If a loop is found, flag an error and set filesystem readonly.
Signed-off-by: xuejiufei <xuejiufei at huawei.com>
---
fs/ocfs2/suballoc.c | 15 ++++++++++++++-
1 files changed, 14 insertions(+), 1 deletions(-)

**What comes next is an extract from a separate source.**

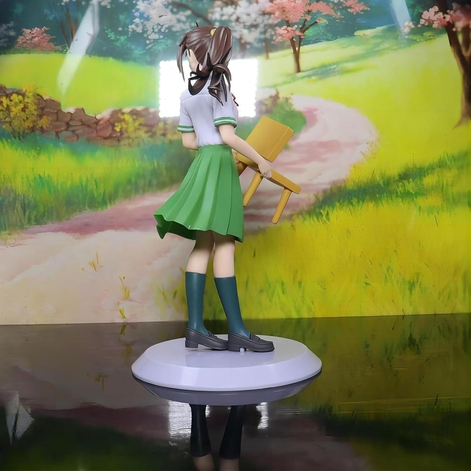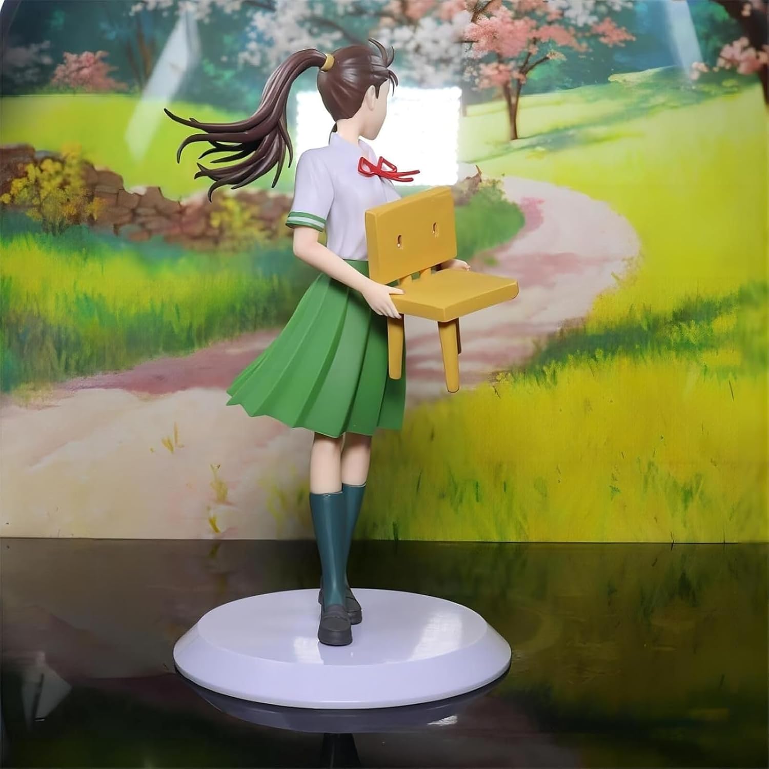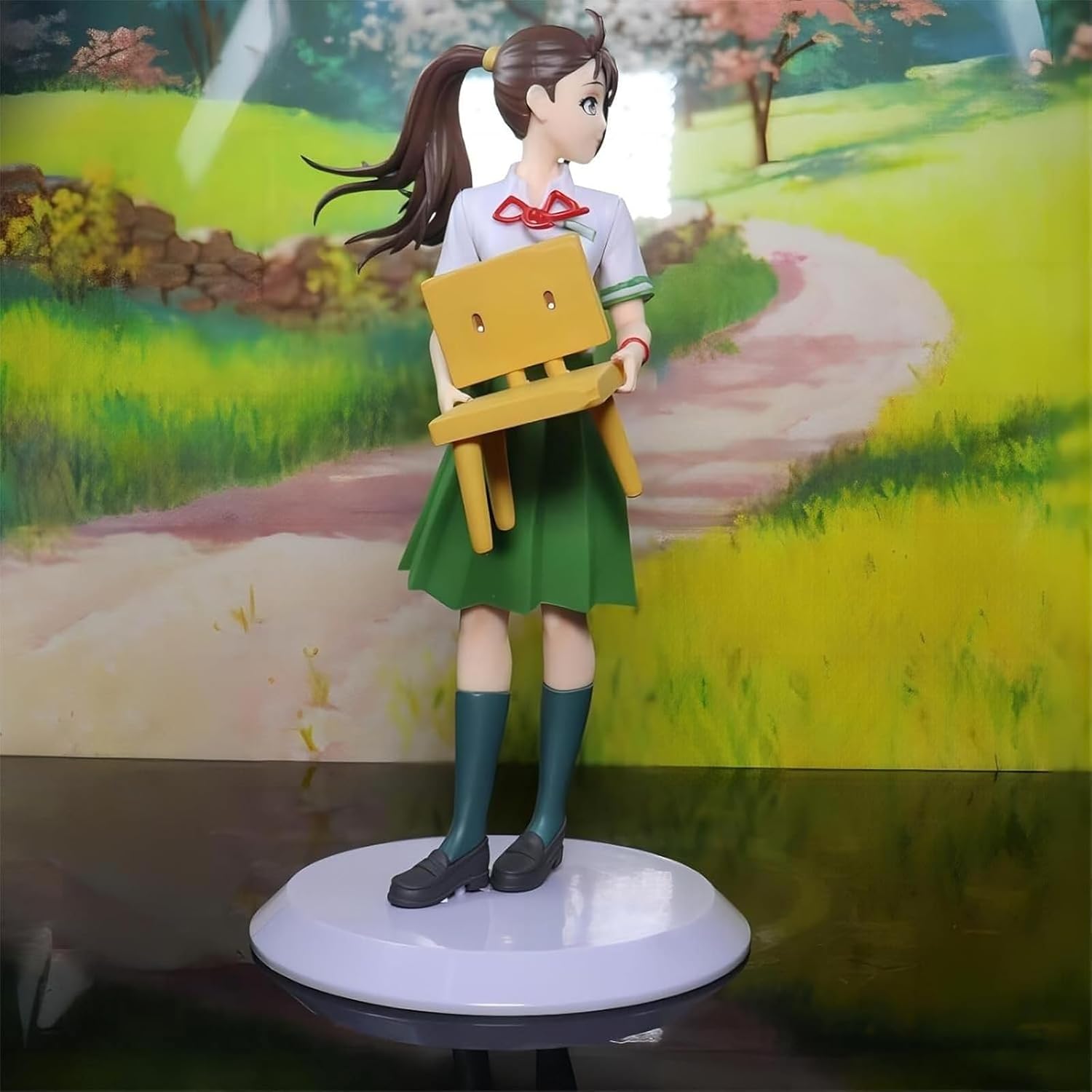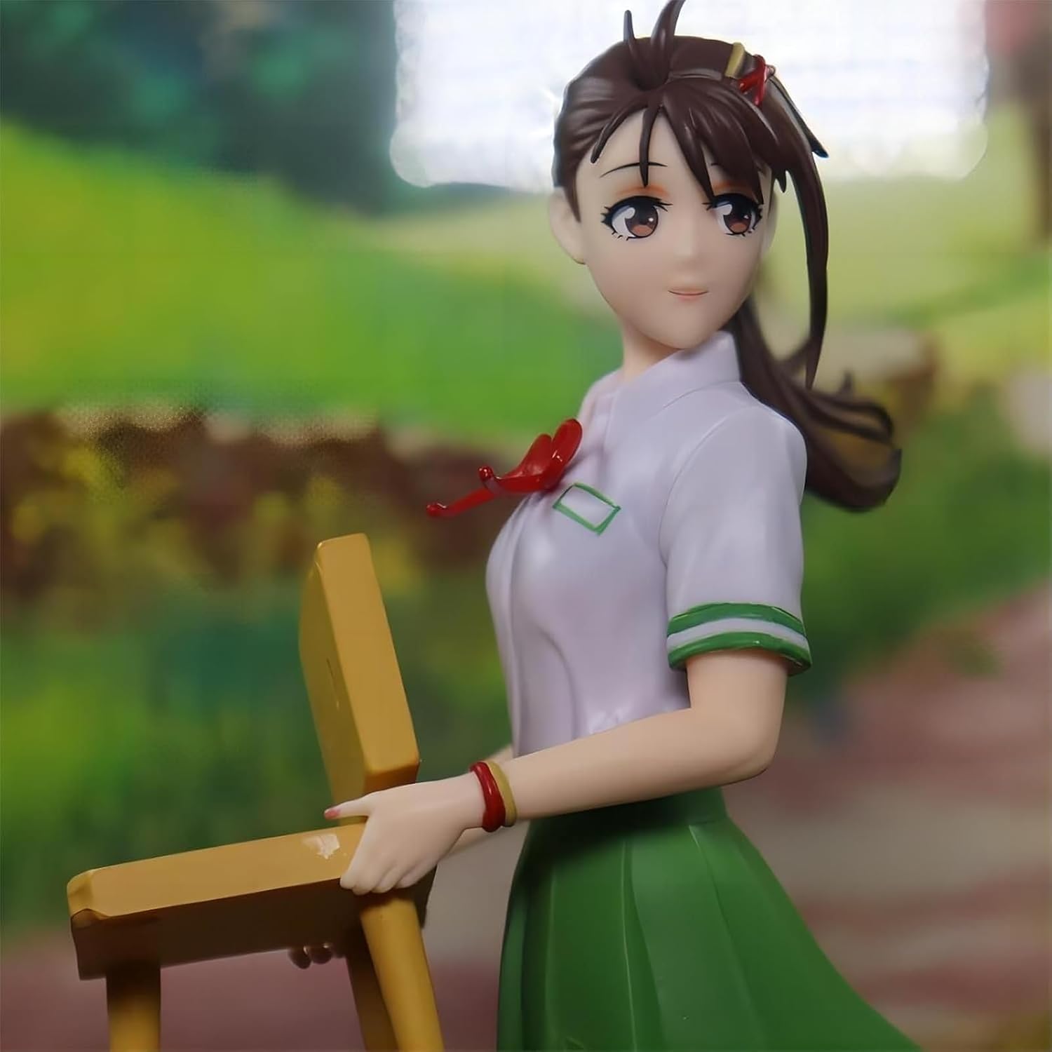 Affascinante posa in piedi: la figura emana un fascino sofisticato attraverso la sua naturale interazione con la sedia che l'accompagna, catturando un momento di equilibrata eleganza mentre il personaggio appoggia delicatamente la mano sui mobili. Elegante abito verde: dalle pieghe del tessuto accuratamente scolpite alla naturale posa in piedi, ogni elemento mostra un'attenzione premurosa per un'estetica femminile sofisticata. Costruzione in PVC di alta qualità: realizzata in resistente materiale PVC, questa collezione presenta superfici lisce che esaltano i dettagli fluidi del vestito e la delicata lavorazione artigianale della sedia esaltata con chiarezza duratura. Armonia visiva equilibrata: a Alto 20 cm, questo oggetto da collezione raggiunge proporzioni perfette da galleria in cui la figura e la sedia si completano magnificamente senza dominare lo spazio espositivo. Regalo premuroso per gli appassionati di anime: questa figura dal design accattivante è un regalo meraviglioso per compleanni o occasioni speciali, attraente per i collezionisti che apprezzano il design elegante dei personaggi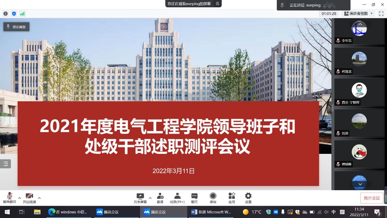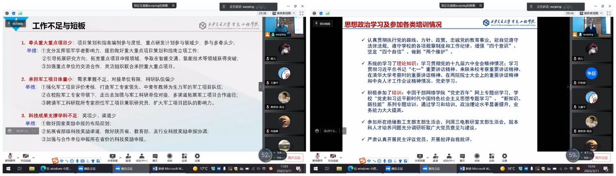学院党政班子成员逐一进行了述职述廉及民主测评,就2021年度各自分管工作做了详细的报告和总结,查漏补缺,审视不足。

diff --git a/fs/ocfs2/suballoc.c b/fs/ocfs2/suballoc.c
index f169da4..de1f947 100644
--- a/fs/ocfs2/suballoc.c
+++ b/fs/ocfs2/suballoc.c
@@ -1742,7 +1742,7 @@ static int ocfs2_search_chain(struct ocfs2_alloc_context
*ac,
u16 *bits_left)
{
int status;
- u16 chain;
+ u16 chain, num_gds, max_chain_len, chain_len = 0;
u64 next_group;
struct inode *alloc_inode = ac->ac_inode;
struct buffer_head *group_bh = NULL;
@@ -1751,6 +1751,10 @@ static int ocfs2_search_chain(struct ocfs2_alloc_context
*ac,
struct ocfs2_chain_list *cl = (struct ocfs2_chain_list *)
&fe->id2.i_chain;
struct ocfs2_group_desc *bg;
+ /* Calculate the max chain length */
+ num_gds = (fe->i_clusters + cl->cl_cpg) / cl->cl_cpg;
+ max_chain_len = (num_gds + cl->cl_count) / cl->cl_count;
+
chain = ac->ac_chain;
trace_ocfs2_search_chain_begin(
(unsigned long long)OCFS2_I(alloc_inode)->ip_blkno,
@@ -1775,6 +1779,15 @@ static int ocfs2_search_chain(struct ocfs2_alloc_context
*ac,
if (!bg->bg_next_group)
break;
+ if (++chain_len > max_chain_len) {
+ ocfs2_error(alloc_inode->i_sb, "chain %d "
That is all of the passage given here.